Oct. 29, 1999


God, Nation, Self (3)

Feeling of Isolation

DelbancoBut this narrowing of the trajectory of our national story from God to Nation and now to Self also has a down side. We compensate for the loss of a collective story with an almost hysterical accumulation of wealth and by obsessing about the ready pleasures of sex. In the long run, says Delbanco, this emphasis on money and sex leaves deep human needs unsatisfied. As all religions understand, the body does not endure.

"Americans feel isolated in themselves. They no longer feel that issues of national responsibility are part of their lives," he said. "The Depression is long past and seems unlikely ever to recur. We have won the battles against fascism and communism. To many people, there seem to be no great issues. There is the endangered environment, of course, but how urgent do we consider the danger to be? Do we feel a real connection between turning on the air conditioner now and destroying the ozone layer at some remote time in the abstract future? How many of us really feel the great and growing gap between wealth and poverty in this country?"

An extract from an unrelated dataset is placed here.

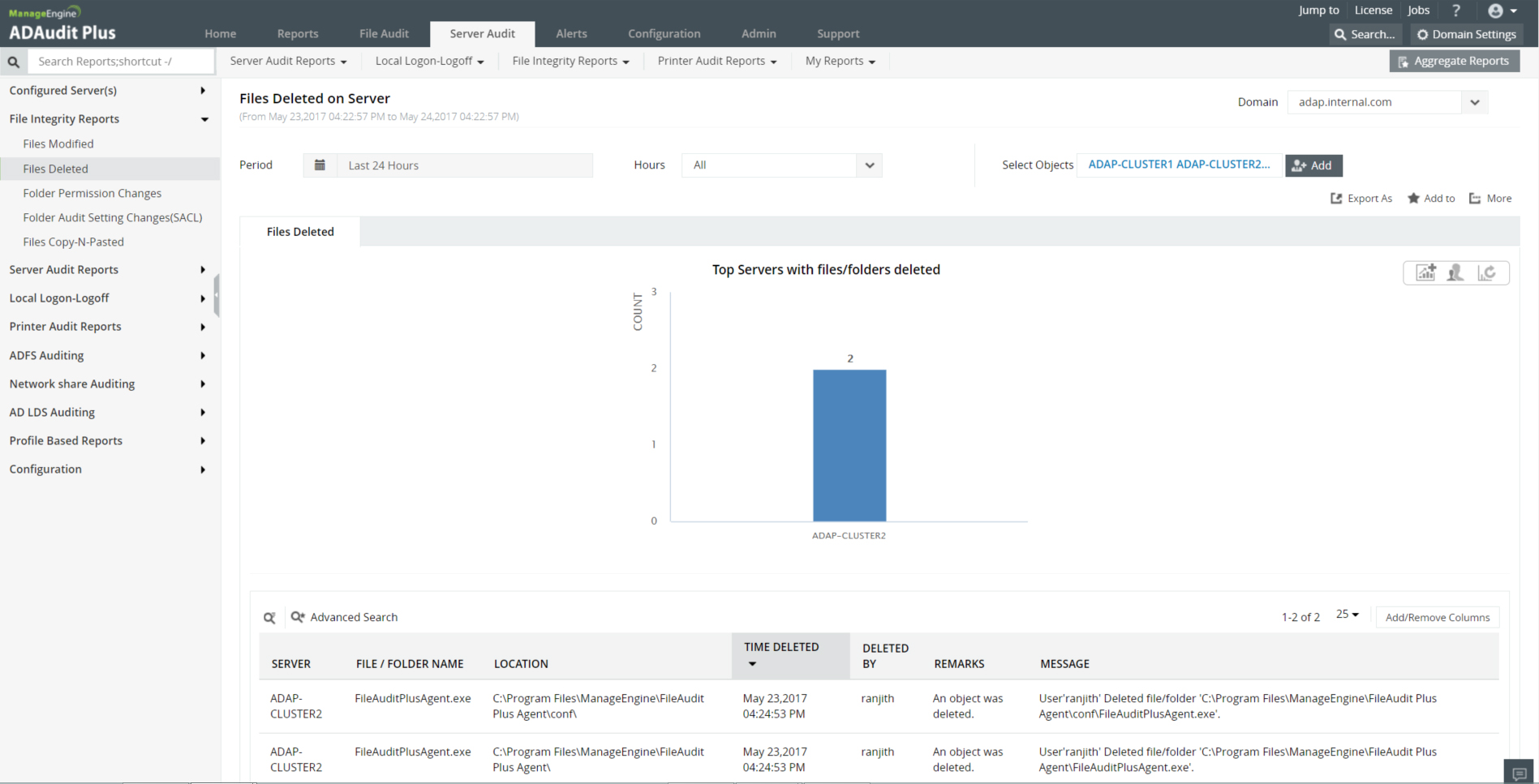 Grazie a questo report tieni traccia dei file di configurazione e sistema eliminati, scopri quando ogni file è stato eliminato, da chi e quando.

Without some sense of engagement in life beyond the fleeting pleasures of the self, life is impoverished, and a creeping sense of melancholy takes hold.

"We face, as a nation, a problem that every generation of immigrants to America has separately faced--from the Puritans to the Southern and Eastern Europeans who came over in the 19th century, to the Asian immigrants in our time," said Delbanco. "How do you understand your relation to your heroic forebears? They took the risks. They made the sacrifices. And who are you? You are their beneficiaries. Do you deserve to be? What does it mean to be--by dint of some forebear's emigration--an American?"

"These have been the questions that every second or third generation American has asked himself or herself; and one result of the effort to answer them has been successive waves of rich literature."